» What this task involves: Beginning at the line that holds "故障防护。只有 XtremIO 独有的内存中元数据体系结构可以完成这些功能。" and continuing to the last line of the data below, transcribe every line word for word, without pictures.

» Input data:
*** Begin section ***
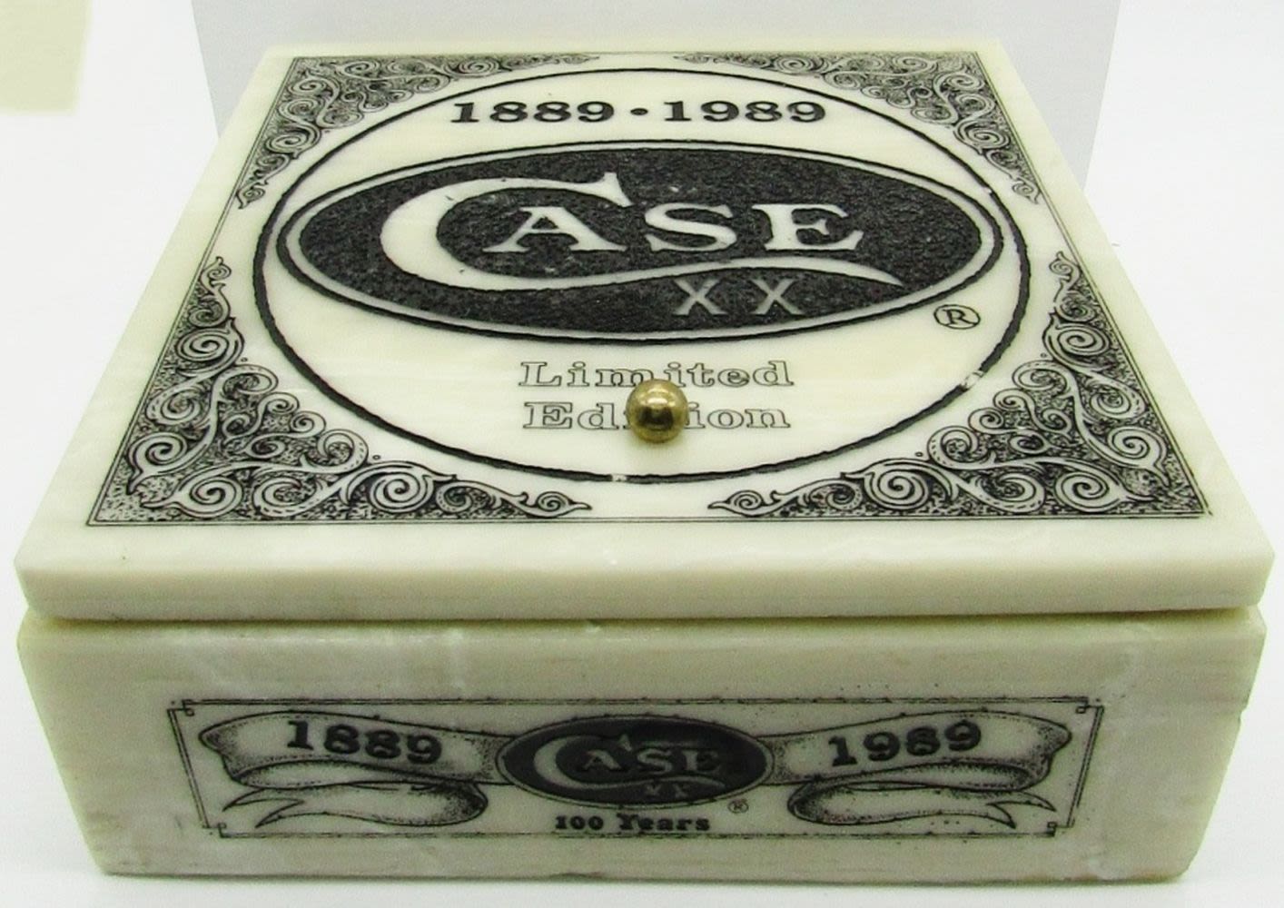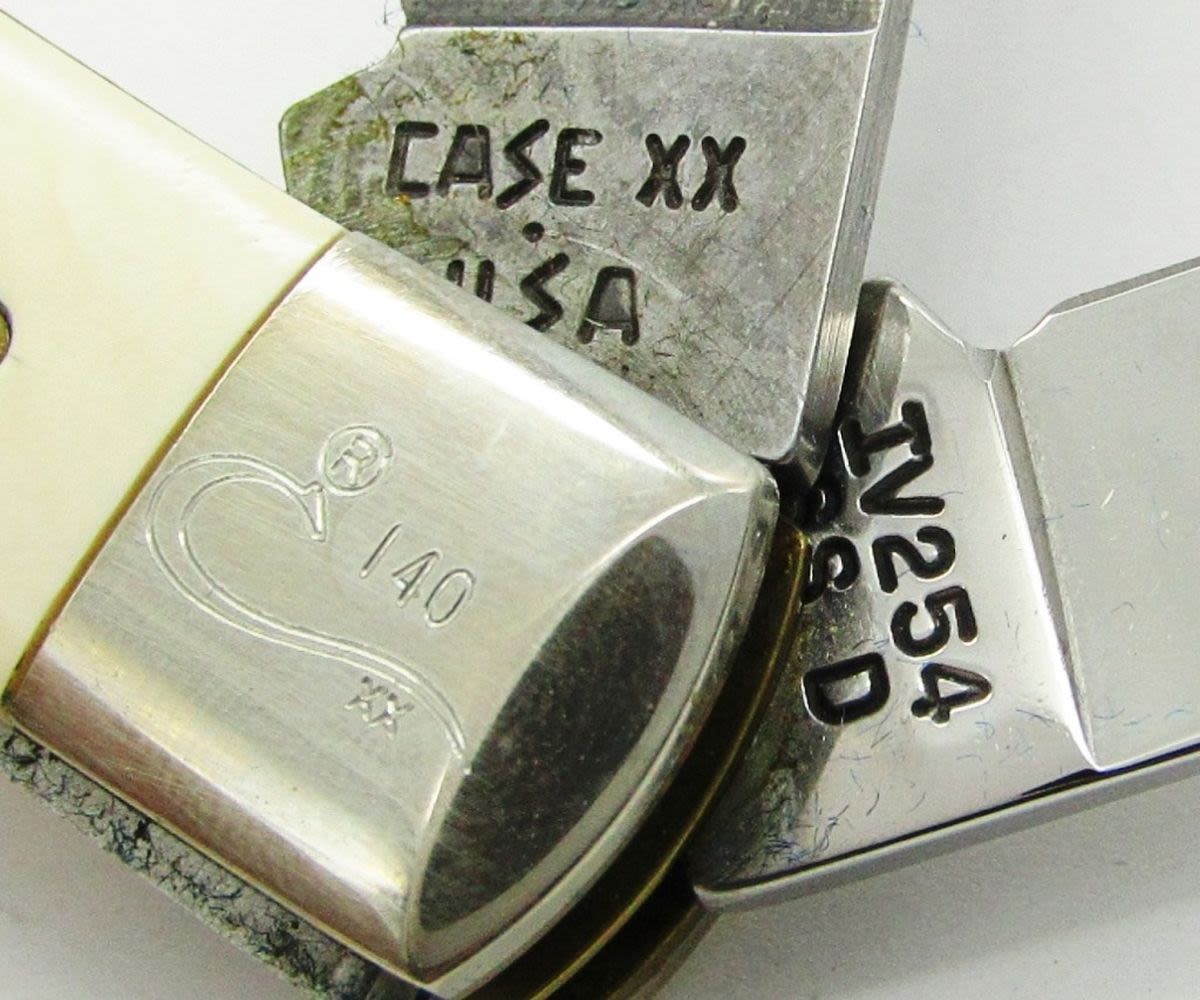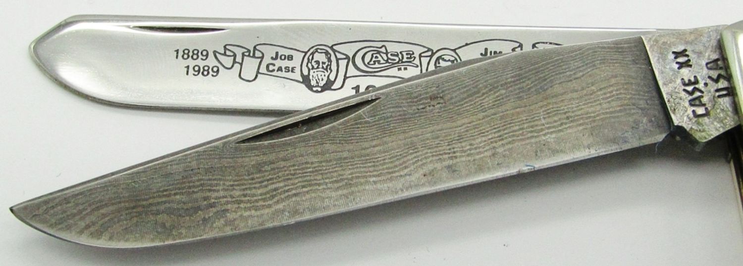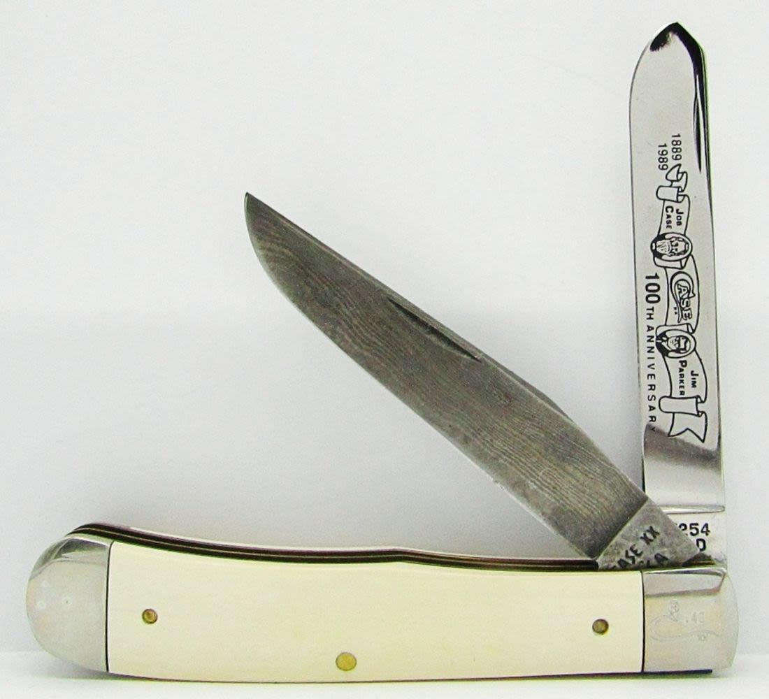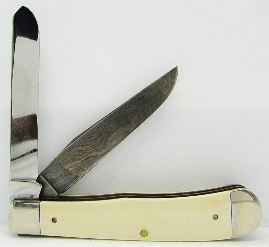 IV254SSD Surgical Steel Blade Photo-Etched with Job Case & Jim Parker, Combined with Unique 512 Layer Damascus Steel Spey Blade. Mastadon Bone Handles; In Display Box made of Pure, Crystalline Cultured Marble, With COA.
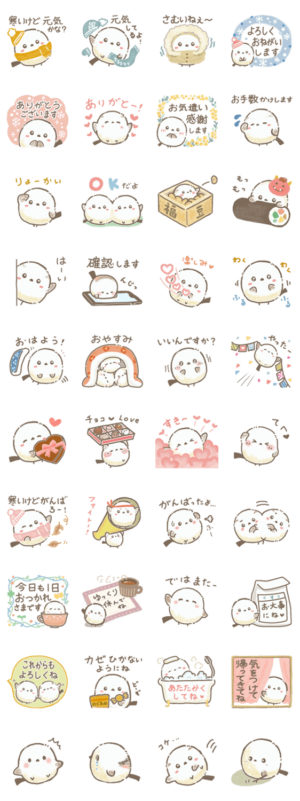 かわいい小鳥 野鳥のエナガさんとシマエナガさんの使いやすい冬の日常会話、気持ちを伝えるスタンプです/白いことり/便利/毎日使える/ほんわか/節分/バレンタイン
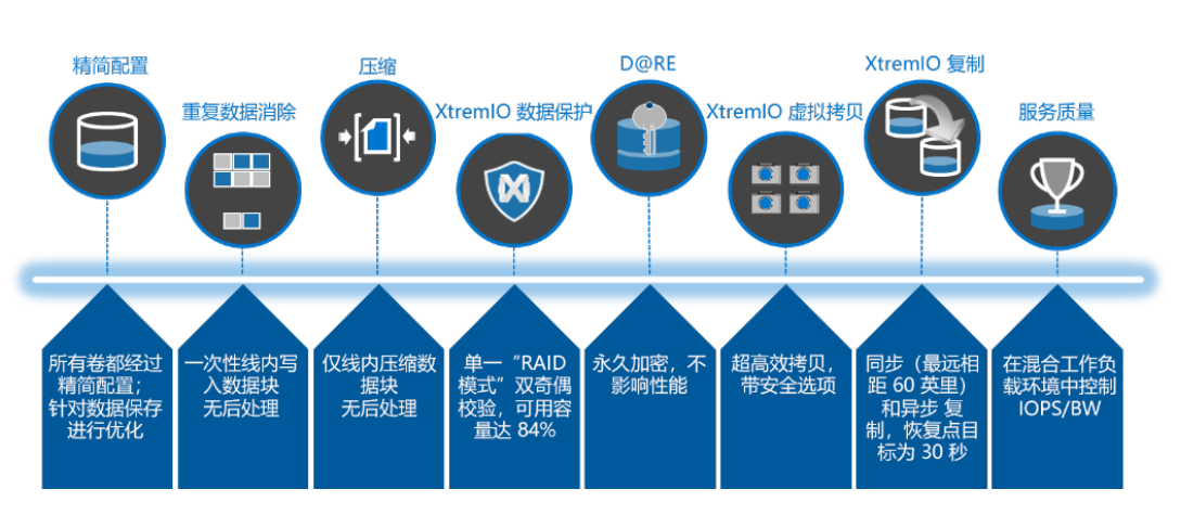 Dell XtremIO 是一款专用全闪存阵列,可提供始终如一的高性能和低延迟效果,得益于线内全时段数据服务的卓越的存储效率;丰富的应用程序集成拷贝服务和空前的管理简单性。新一代平台 XtremIO X2 以 XtremIO 的独特功能为基础,为您的数据中心和业务提供更出色的敏捷性和简便性。借助内容感知型的内存中元数据和线内全时段数据服务,XtremIO 成为了适用于虚拟服务器和桌面环境,以及受益于高效的拷贝数据管理的工作负载的优秀平台。该体系结构提供两倍的VMware XCOPY 操作,由于内存操作,可以达到高达 40 GB/s 的带宽。X2 包括线内全时段数据服务:精简配置、重复数据消除、压缩、同步和异步复制、静态数据加密 (D@RE)、XtremIO 虚拟拷贝 (XVC) 和无性能影响的双固态驱动器 (SSD) 故障防护。只有 XtremIO 独有的内存中元数据体系结构可以完成这些功能。
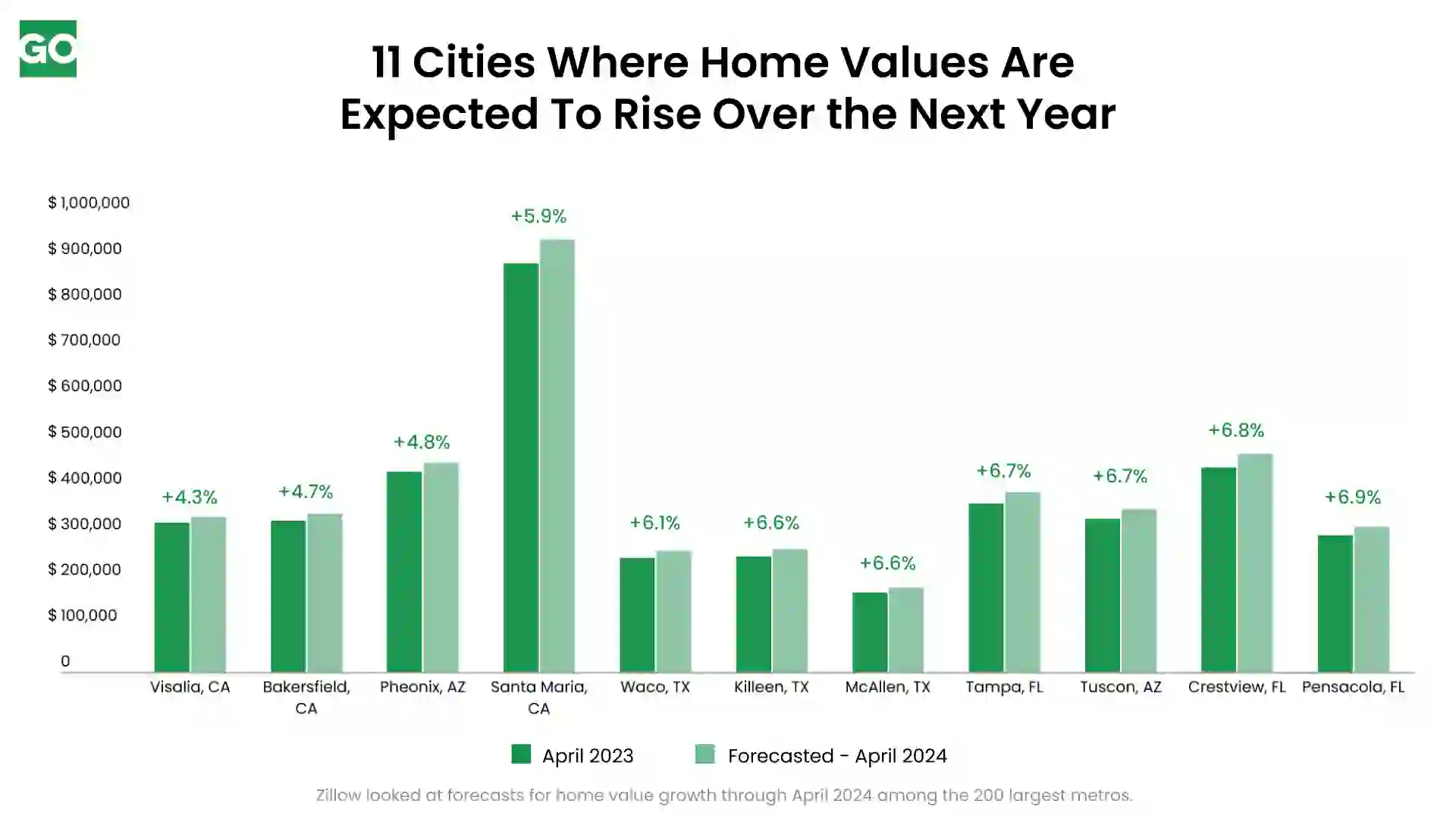 Methodology: Zillow looked at forecasts for home value growth through April 2024 among the 200 largest metros.
*** End section ***
» Exercise answer:
 Dell XtremIO 是一款专用全闪存阵列,可提供始终如一的高性能和低延迟效果,得益于线内全时段数据服务的卓越的存储效率;丰富的应用程序集成拷贝服务和空前的管理简单性。新一代平台 XtremIO X2 以 XtremIO 的独特功能为基础,为您的数据中心和业务提供更出色的敏捷性和简便性。借助内容感知型的内存中元数据和线内全时段数据服务,XtremIO 成为了适用于虚拟服务器和桌面环境,以及受益于高效的拷贝数据管理的工作负载的优秀平台。该体系结构提供两倍的VMware XCOPY 操作,由于内存操作,可以达到高达 40 GB/s 的带宽。X2 包括线内全时段数据服务:精简配置、重复数据消除、压缩、同步和异步复制、静态数据加密 (D@RE)、XtremIO 虚拟拷贝 (XVC) 和无性能影响的双固态驱动器 (SSD) 故障防护。只有 XtremIO 独有的内存中元数据体系结构可以完成这些功能。
 Methodology: Zillow looked at forecasts for home value growth through April 2024 among the 200 largest metros.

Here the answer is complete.